The problem here is the shrinking crack spreads and some poor earnings guidance from several energy companies that already reported. Oil hit $92 on Friday but refined gasoline was selling for $95.50. The $15-$20 crack spreads from early in the summer have declined to only a couple dollars today. Refiners are making relatively little money at the current price. One analyst said on Friday that refiners will slow production eventually rather than sell gasoline for a loss. The problem is the lack of demand for gasoline. This may already be happening since gasoline inventories fell by 2 million barrels last week.
Crude imports fell a whopping 1.3 mbpd over the last week suggesting refiners are cutting back on their purchases until the price imbalance corrects. Capacity utilization fell back to 87.1% last week. The refiner market and the inventory levels are trying to tell us there is an artificial imbalance in progress. Gasoline inventories are 7.1% below 2006 levels but gasoline prices are only about 20 cents higher. Crude was $66 this time last year and at $92 today that is a 40% increase or $26. You would think a $26 increase in crude prices would produce more than a 20-cent increase in gasoline prices. Under normal supply and demand conditions the ratio between crude prices and gasoline would be relatively constant. These are not normal markets. Using the same ratio as in October 2006 gasoline futures should be about $3.20 now instead of $2.27.

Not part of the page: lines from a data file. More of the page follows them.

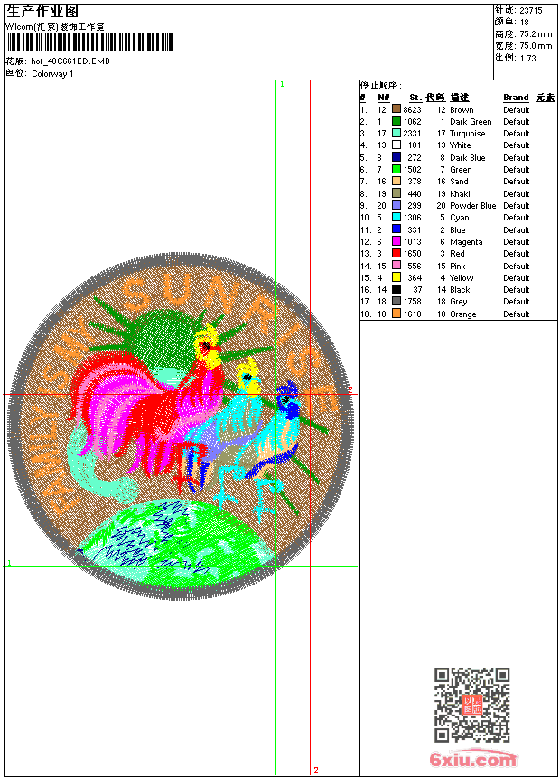 公鸡 点此上传花版兑乐绣币/现金 emb花版参数: 大小:120.00 KB / 尺寸:75*75[毫米] / 针数:23715针 / 线色:18 / 格式:emb / 版本:e2 版带文件需绣花软件方可打开,可配色打印导出各种格式或直接上机绣。如无绣花软件可下载1:1模拟效果图。 PNG图片信息:大小:0.2 (MB) /图宽*高:284x285(像素) emb下载 1:1图下载 关闭 相似花版: 蛇 蛇 头像 范思哲 鸟 鸟 领 头像 飞机 闪电 鸟 鸟 鸟 鸟 鸟 猫头鹰 虎头 猫头鹰 鸟 猫头鹰 上一个花样:男装 章仔 下一个花样:蛇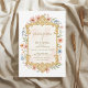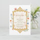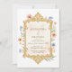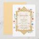 Um design de convite de casamento elegante com uma moldura ornamental dourada vintage rodeada por flores em aquarela em tons de rosa, pêssego e azul. O layout refinado e a tipografia clássica criam uma estética romântica e atemporal inspirada na papelaria europeia. Perfeito para casamentos formais, de jardim ou clássicos, este design equilibra luxo e suavidade, tornando-o ideal para casais que buscam um estilo de celebração gracioso e sofisticado.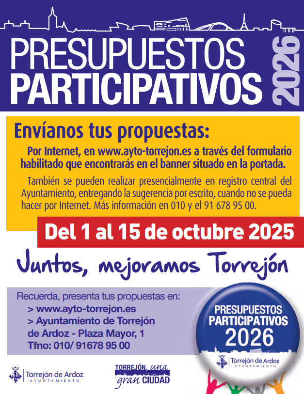 El Ayuntamiento de Torrejón de Ardoz ha abierto el periodo de participación ciudadana para que los vecinos puedan aportar sus propuestas de cara a la elaboración de los Presupuestos Municipales 2026. Los ciudadanos podrán realizar sus aportaciones hasta el próximo 15 de octubre.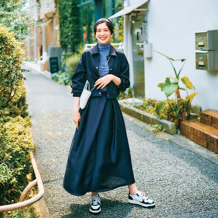 ネイビーで揃えたセットアップ風に クラシックな最旬スニで垢抜ける。 帰省にちょうどいいキレイめカジュアル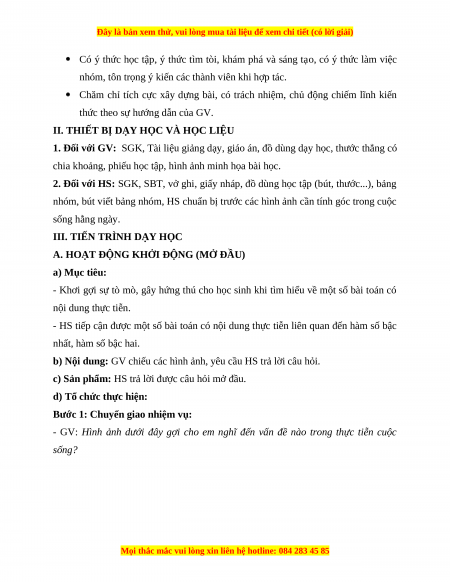 - HS tiếp cận được một số bài toán có nội dung thực tiễn liên quan đến hàm số bậc nhất, hàm số bậc hai.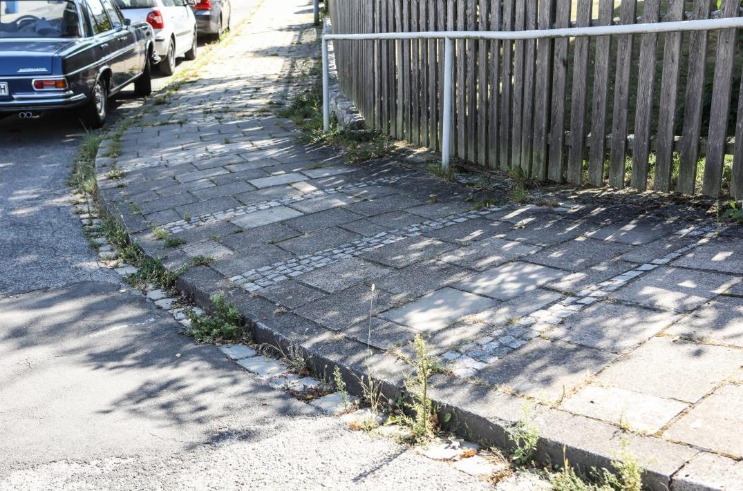 Gehsteig am Abtsberg: Stadtarbeiter haben sich die maroden Stellen angesehen, teilweise behoben.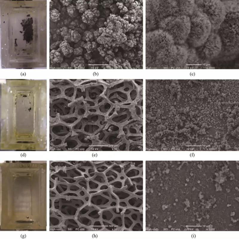 圖6 (a) 電池A、(d) 電池B和(g) 電池C底部的光學(xué)圖像;(b)~(c) 電池A、(e)~(f) 電池B和(h)~(i) 電池C重復(fù)循環(huán)后負(fù)極表面形貌的掃描電鏡

On Friday Kirk Kerkorian announced a bid to buy 20% of Tesoro at $64 a share. Either captain Kirk has finally gone senile or he knows something we don't. Does Kerkorian think gasoline is going to $3.20 to reinflate the crack spreads? Several analysts spoke in unkind words about his bid while a lone Goldman Sachs analyst agreed with Kerkorian that refiners were undervalued. Something smells here and I am not downwind from a refinery. I removed TSO from the watch list.
Earnings from several companies produced a drag on individual stocks. Grant Prideco reported earnings that missed estimates due to charges for consolidation of production into a new facility. Earnings were 96 cents compared to 95 cents in Q3-2006 and analyst estimates of $1.01. Revenue rose 43% and offset most of the consolidation charges. They raised estimates for Q4 to $1.10 compared to analyst's estimates of $1.01. The stock was pummeled to a new 7-month low at $48. This might be a buying opportunity but I would rather not catch a falling knife today.
Baker Hughes hit a high just over $100 on the initial oil price spike but fell to $88 on Friday after just "meeting" analyst estimates for earnings. Various analysts said rising costs at BHI and in the industry were going to be a problem and criticized the 21.8% operating margin at BHI. Revenue was up +16% and profits +9%. Analysts better get used to rising costs since everything in the oilfield is going up. Rigs cost more, pipe costs more, labor is more expensive and much of the equipment is on backorder. This is not a recipe for decreasing costs. It is also another reason oil companies in general are not surging on the spikes in oil. Lots of earnings warnings and misses and the quarter is still young.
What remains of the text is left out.